We're an EAD with a single owner. Is it just as complex for us?
No — for an EAD the resolution is adopted by the sole owner of the capital, with no meeting and no notices, which simplifies the procedure considerably. What remains, though, is recalculating the nominal value of the shares and amending the statutes, so even for an EAD we work after a brief review rather than to a template. The quote for a standard EAD without share classes is close to that for an OOD.
What happens to bearer shares?
Bearer shares have been abolished in Bulgaria and have long been subject to conversion into registered shares. If your company has not yet converted its shares, that has to be resolved before or together with the redenomination — we will tell you how the two procedures fit together once we review the company file.

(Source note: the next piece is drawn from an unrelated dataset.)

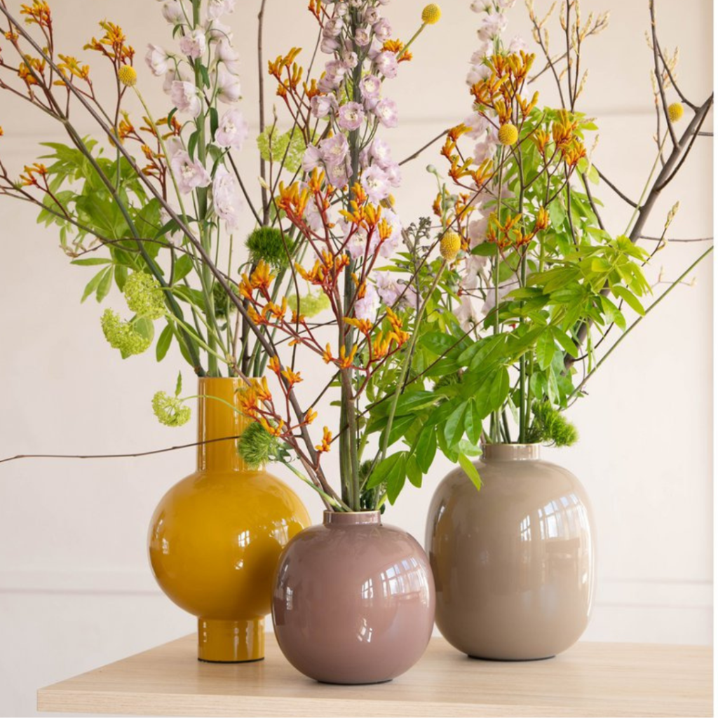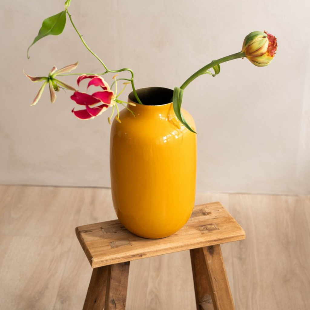 Diese gelbe ovale Metallvase aus der Kollektion Blushing Birds lässt Ihre Blumen besonders hübsch aussehen.

Can the share nominal end up as an "ugly" number?
On an exact recalculation at the rate — almost always. That is why the law allows an adjustment of up to ±5%: the usual approach is to round the nominal to a convenient figure (e.g. €1.00) and to reconcile the capital through the number of shares or within the permitted limits. Which option is clean for your structure we show in the quote, with specific figures.
We also have a planned capital increase. Should we do them together?
Usually yes — the two amendments to the statutes can go through a single General Meeting and a single application, which saves a second procedure. Because a capital increase has its own rules (contributions, subscription, deadlines), the combination is planned carefully — describe your intention in the enquiry.
How much does it cost for an AD?
It depends on the structure: a standard EAD without share classes is close to the price for an OOD; an AD with several share classes, many shareholders or accompanying changes requires more work. That is why we don't publish a single price but return a specific quote within 24 hours after reviewing the statutes — the review is free and with no obligation.